Dans les bas-fonds du Pirée sommeille une jeune beauté à la peau d’ambre, aussi farouche que désirable, vendue comme prostituée après le sac de son village et vouée à satisfaire les désirs des hommes de passage. La providence voudra que son chemin croise celui de Praxitèle, alors jeune sculpteur en mal d’inspiration, qui scellera, en la possédant puis en la choisissant pour muse, la destinée hors du commun de la plus célèbre des hétaïres. « C’est bien ainsi que commence la rencontre du sculpteur hanté et de la pute mutique : par un fragment de visage offert au soleil. Par deux éclats différents de solitude. Par une toute petite étincelle de sens entre deux pierres dures avant le grand incendie. »

Une fresque qui défie les lois de la narration

Du bordel insalubre aux banquets raffinés où elle séduit les amants les plus influents, de l’atelier de Praxitèle à l’Aréopage, où, accusée de pervertir la jeunesse athénienne, l’orateur Hypéride la sauve en déchirant sa tunique, Phryné attise les passions par sa beauté envoûtante mais aussi par ses caprices prométhéens. Elle part ainsi à la conquête de son indépendance en défiant la morale et l’autorité des hommes, à une époque où la place des femmes dans la société ne différait guère de celle des esclaves ou des animaux.

Helléniste de formation, Christophe Bouquerel fait le pari de la somme et du phrasé classique pour ériger cette fresque impressionnante, véritable défi aux lois de la narration.
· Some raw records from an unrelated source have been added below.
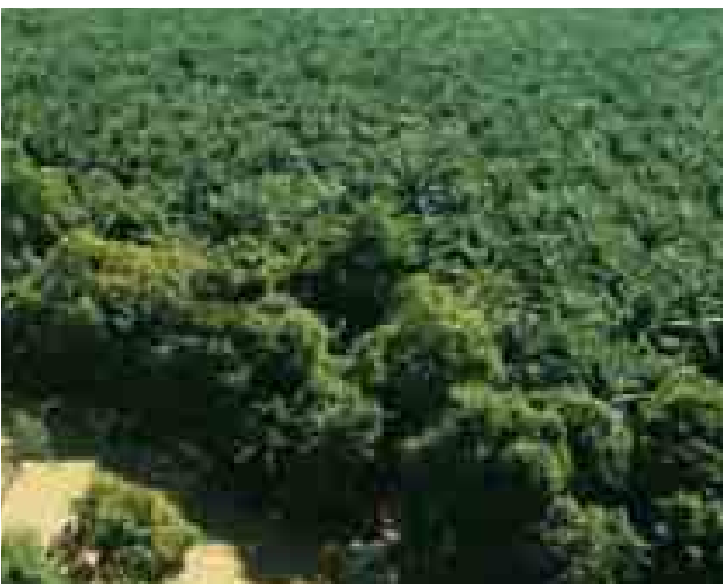
Reforestation initiatives along Tenegang Besar River

We recognise that while corporations have the resources and responsibility to take the lead in driving any environmental sustainability action, it is ultimately the support of employee that will determine its success. Therefore, to cultivate greater employee awareness towards environmental care, our Group has embarked on an initiative to promote the efficient use of resources and to reduce wastage in the corporate offices. As a start, a recycling programme has been implemented, with colour-coded bins for waste segregation prominently displayed. More green programmes are set to be introduced progressively.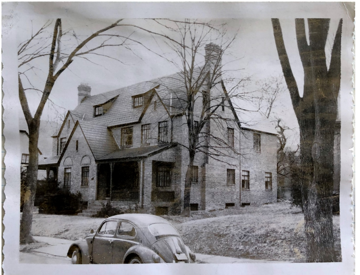
411 Wingate Road (1967)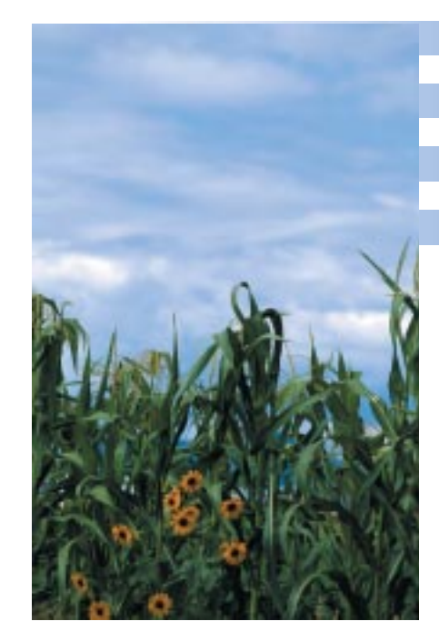
Country Insurance and Financial Services' roots reach deep into the American heartland, where farming families insured their property with the insurance group as early as 1925.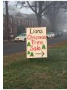
Palisades/Georgetown Lions Club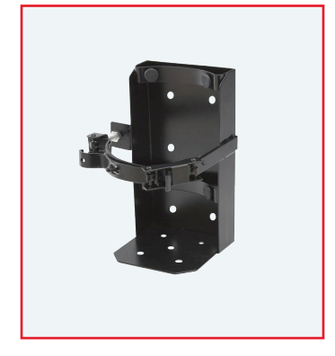
MARINE / VEHICLE BRACKET FOR 11 LB MODEL

Halotron clean agent BC rated extinguishers are available in 5 and 11 lb models. An OPTIONAL heavyduty marine / vehicle bracket is available.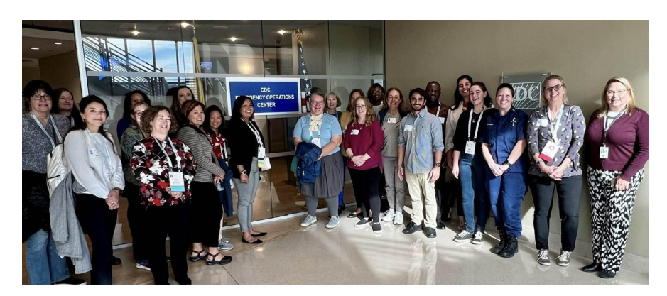
Visit to CDC's Emergency Operations Center!

One of the Benefits of being a member of MAPHN is the availability of scholarship support to attend professional events such as the annual American Public Health Association (APHA) and Association of Public Health Nurses (APHN) conferences. Interested in attending in 2024? Contact your Chapter President or <a href="Mathematical Admin@maphn.org">Admin@maphn.org</a> for more information.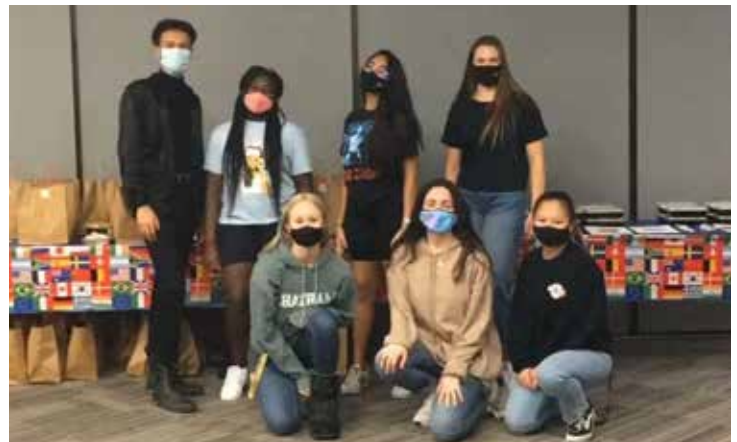
International Education Week offered more than 16 programs and events, including late night programming that offered opportunities for community members to expand their cultural competency.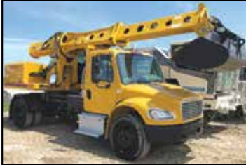
2018 GRADALL D152 $215,000 STK# ZZ18177, 28 HRS, EAU CLAIRE, WI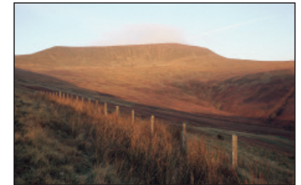
Waun Rydd from the flanks of Allt Lwyd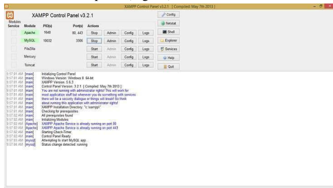
Figure B2: XAMPP Control Panel

Step 8: Installation is now complete! Select the 'Do you want to start the Control Panel now?' checkbox to open the XAMPP control panel (Fig B2).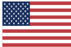
Government of United States of America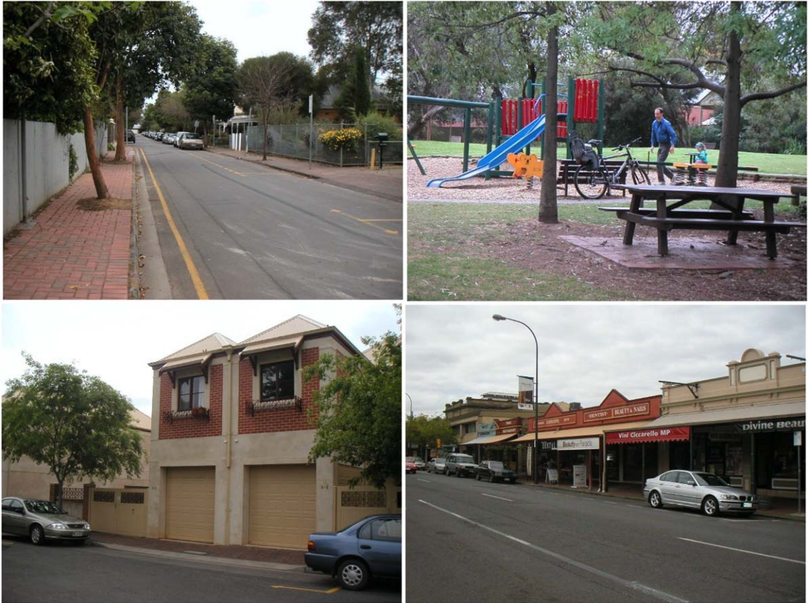
Fig. 2. Norwood neighbourhood characteristics.

evaluation. One week after the second survey was sent, those who had not yet returned the first survey were called by telephone. Two weeks after the second survey was sent, those who had returned the first but not the second survey were reminded by telephone.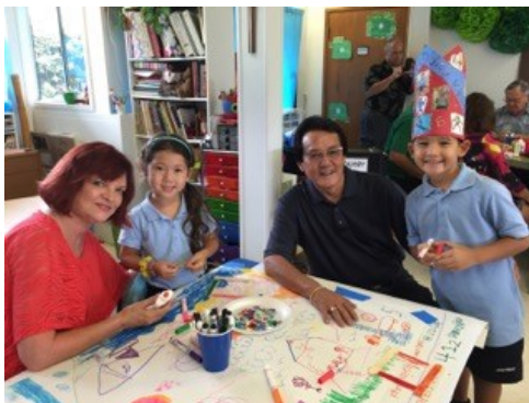
Kindergarten students enjoying a very special visit from their grandparents on Grandparents' Day

forms will receive their shots on Wednesday, November 18 . Those handing in late forms will be wait-listed to receive vaccinations if there is a sufficient supply.

Conscient que le parcours de la divine hétaïre ne saurait être dissocié du contexte dans lequel il s’inscrit, l’auteur dresse le portrait de la société grecque du IVe siècle avant J.-C. alors en plein questionnement, parcourue de luttes intestines et de velléités hégémoniques. Poétique, délicate, sachant puiser dans la légende ce qu’il faut de souffle romanesque pour captiver le lecteur, la langue vient adoucir la cruauté du sort de Phryné et rendre intelligible, palpable, un monde souvent relégué à de lointains souvenirs de cours d’histoire (même si la crise de la société grecque de cette époque n’est pas sans rappeler les attaques que connaissent nos démocraties contemporaines, en quête de renouveau). À l’origine de chefs-d’œuvre de marbre et de pigments, cette figure mythique qui n’en a pas fini de fasciner peut désormais s’enorgueillir de toucher au cœur par la plume.